ALISTAIR MacLEAN – Night Without End. Collins, K, hardcover, 1960. Doubleday, US, hardcover, 1960. Reprint editions include: Fawcett Gold Medal, US, paperback, no date stated [1960s], among many others, both US and UK.

   In latitude 72.40 north, 8000 feet up on the Greenland ice-cap, self-preservation makes for a remarkable turn of speed.

   That’s an understatement to say the least in Alistair MacLean’s Arctic thriller, Night Without End, that opens as the team at an IGY tracking station in the bitter north hears a plane where none should be, and one in trouble at that, a jet airliner circling above their lonely station, in trouble in the sky, and about to come down in an unforgiving land.

   Dr. Mason, the narrator, and his two companions know what the Arctic can do to the unwary, the unprepared. They know routine, food, shelter, warmth, and common sense are life and anything less is death.

   At his best, and this was written in his best period before his work became little more than screen scenarios, no one could drop you into the middle of a pulse-pounding plot with the same elan as the Scottish author of adventure classics like The Guns of Navarone and Ice Station Zebra. He seemed, too, to have a fine ear for the detail of Arctic adventure, for the ice prick pain of the bitter cold and the soul destroying chill no protective gear can fully repel.

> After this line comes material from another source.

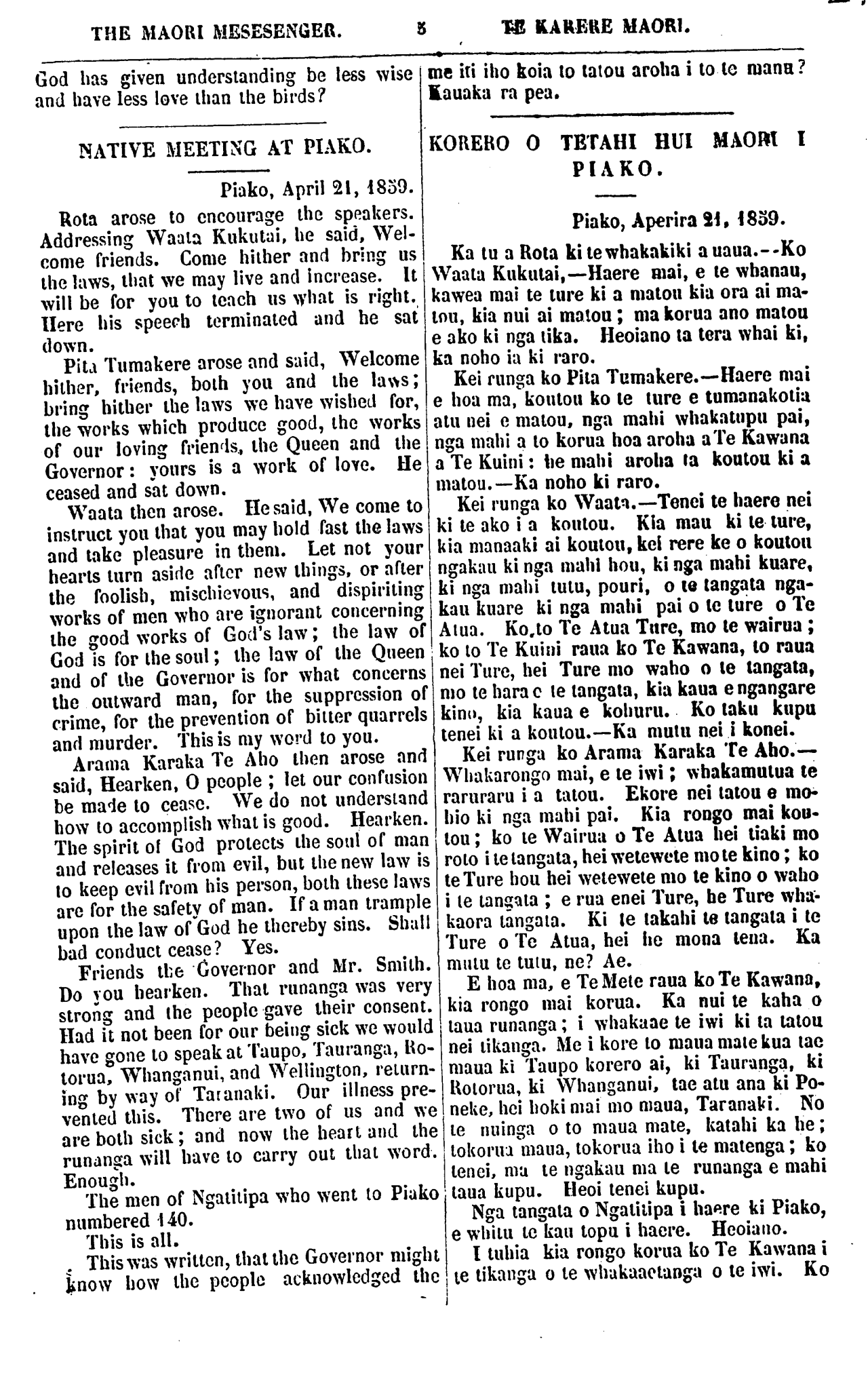 THE MAORI MESESENGER. TE KARERE MAORI. God has given understanding be less wise and have less love than the birds? NATIVE MEETING AT PIAKO. Piako, April 21, 1859. Rota arose to encourage the speakers. Addressing Waata Kukutai, he said, Wel- come friends. Come hither and bring us the laws, that we may live and increase. It will be for you to leach us what is right. Here his speech terminated and he sat down. Pita Tumakere arose and said, Welcome hither, friends, both you and the laws; bring hither the laws we have wished tor, the works which produce good, the works of our loving friends, the Queen and the Governor: yours is a work of love. He ceased and sat down. Waata then arose. He said, We come to instruct you that you may hold fast the laws and take pleasure in them. Let not your hearts turn aside after new things, or after the foolish, mischievous, and dispiriting works of men who are ignorant concerning the good works of God's law; the law of God is for the soul; the law of the Queen and of the Governor is for what concerns the outward man, for the suppression of crime, for the prevention of bitter quarrels and murder. This is my word to you. Arama Karaka Te Aho then arose and said, Hearken. 0 people; let our confusion be made to cease. We do not understand how to accomplish what is good. Hearken. The spirit of God protects the soul of man and releases it from evil, but the new law is to keep evil from his person, both these laws are for the safety of man. If a man trample upon the law of God he thereby sins. Shall bad conduct cease? Yes. Friends the Governor and Mr. Smith. Do you hearken. That runanga was very strong and the people gave their consent. Had it not been for our being sick we would have gone to speak at Taupo, Tauranga, Ro- torua, Whanganui, and Wellington, return- ing by way of Taranaki. Our illness pre- vented this. There are tvvo of us and we are both sick; and now the heart and the runanga will have to carry out that word. Enough. The men of Ngatitipa who went to Piako numbered 140. This is all. This was written, that the Governor might know how the people acknowledged the me iti iho koia to tatou aroha i to te manu? Kauaka ra pea KORERO O TETAHI HUI MAORI I PIAKO. Piako, Aperira 21. 1859. Ka tu a Rota ki te whakakiki a uaua.-Ko Waata Kukutai,—Haere mai, e te whanau, kawea mai te ture ki a matou kia ora ai ma- tou, kia nui ai matou; ma korua ano matou e ako ki nga tika. Heoiano ta tera whai ki, ka noho ia ki raro. Kei runga ko Pita Tumakere.—Haere mai e hoa ma, koutou ko te ture e tumanakotia atu nei e matou, nga mahi whakatupu pai, nga mahi a to korua hoa aroha a Te Kawana a Te Kuini: he mahi aroha ta koutou ki a matou. Ka noho ki raro. Kei runga ko Waata. Tenei te haere nei ki te ako i a koutou. Kia mau ki te ture, kia manaaki ai koutou, kei rere ke o koutou ngakau ki nga mahi hou, ki nga mahi kuare, ki nga mahi lulu, pouri. o te tangata nga- kau kuare ki nga mahi pai o te ture o Te Atua. Ko, to Te Atua Ture, mo te wairua; ko to Te Kuini raua ko Te Kawana, to raua nei Ture, hei Ture mo waho o te tangata, mo te hara e te tangata, kia kaua e ngangare kino, kia kaua e kohuru. Ko taku kupu tenei ki a koutou.—Ka mutu nei i konei. Kei runga ko Arama Karaka Te Aho.— Whakarongo mai, e te iwi; whakamutua te raruraru i a tatou. Ekore nei tatou e mo- hio ki nga mahi pai. Kia rongo mai kou- tou; ko te Wairua o Te Atua hei tiaki mo roto i te tangata, hei wetewete mo te kino; ko te Ture hou hei wetewete mo te kino o waho i te tangata; e rua enei Ture, be Ture wha- kaora tangata. Ki te takahi te tangata i te Ture o Te Atua, hei he mona tena. Ka mutu te tutu, ne? Ae. E hoa ma, e Te Mete raua ko Te Kawana, kia rongo mai korua. Ka nui te kaha o taua runanga; i whakaae te iwi ki ta tatou nei tikanga. Me i kore to maua mate kua tae maua ki Taupo korero ai, ki Tauranga, ki Rotorua, ki Whanganui, tae atu ana ki Po- neke, hei hoki mai mo maua, Taranaki . No te nuinga o to maua male, katahi ka he; tokorua maua, tokorua iho i te matenga; ko tenei, mu te ngakau ma te runanga e mahi taua kupu. Heoi tenei kupu. Nga tangata o Ngatitipa i haere ki Piako, e whitu te kau topu i haere. Heoiano. I tuhia kia rongo korua ko Te Kawana i te tikanga o te whakaaetanga o te iwi. Ko

   If he lacked the Conradian or Stevensonian skills of a Hammond Innes or Geoffrey Household or the sheer gift for character of a Victor Canning and humor of a Desmond Bagley, he made up for it with driving narrative, impeccable research, and an eye for plot that Agatha Christie might have admired, for his best works tend, like a classic Christie tale, to set a small group of people in an isolated environment with a mystery to be solved whose solution is as vital to everyone’s survival as the natural world that threatens from without.

   As with Ice Station Zebra, the McGuffin in this one is only important to set the action in motion, but that’s more than enough, this is about action, suspense, mystery, and thrills, not the history of a plot contrivance.

   Here it turns out the cause of the plane coming down was no accident. It was hijacked and forced down, and it’s 18,000 miles off course.

   No one knows who the hijackers are, why they did it, or if they survived, but they have committed one murder other than the passengers killed in the crash, and they are willing to commit more, and only Mason can uncover their plot, stop their sabotage, and keep his crew and the survivors alive as the weather deteriorates and the endless night closes in while outside human threats accumulate, including the good guys who will do anything to stop the killer escaping and the bad guys set to rendezvous with him and leave everyone else to die.

   The tense finale on a shifting glacier is as satisfying as it is nerve wracking.

    Night Without End is one of MacLean’s tighter plotted and leaner books, with just the right mix of action, atmosphere, weather, characterization, plot, and twists to keep you happily turning pages and wishing that someone today still had the skills to write this kind of book with the same economy. An old favorite, and I was both pleased with how well it holds up, but also how much of it I remembered considering I first read it back in Middle School.

   This night has an end, and a very satisfactory one it is.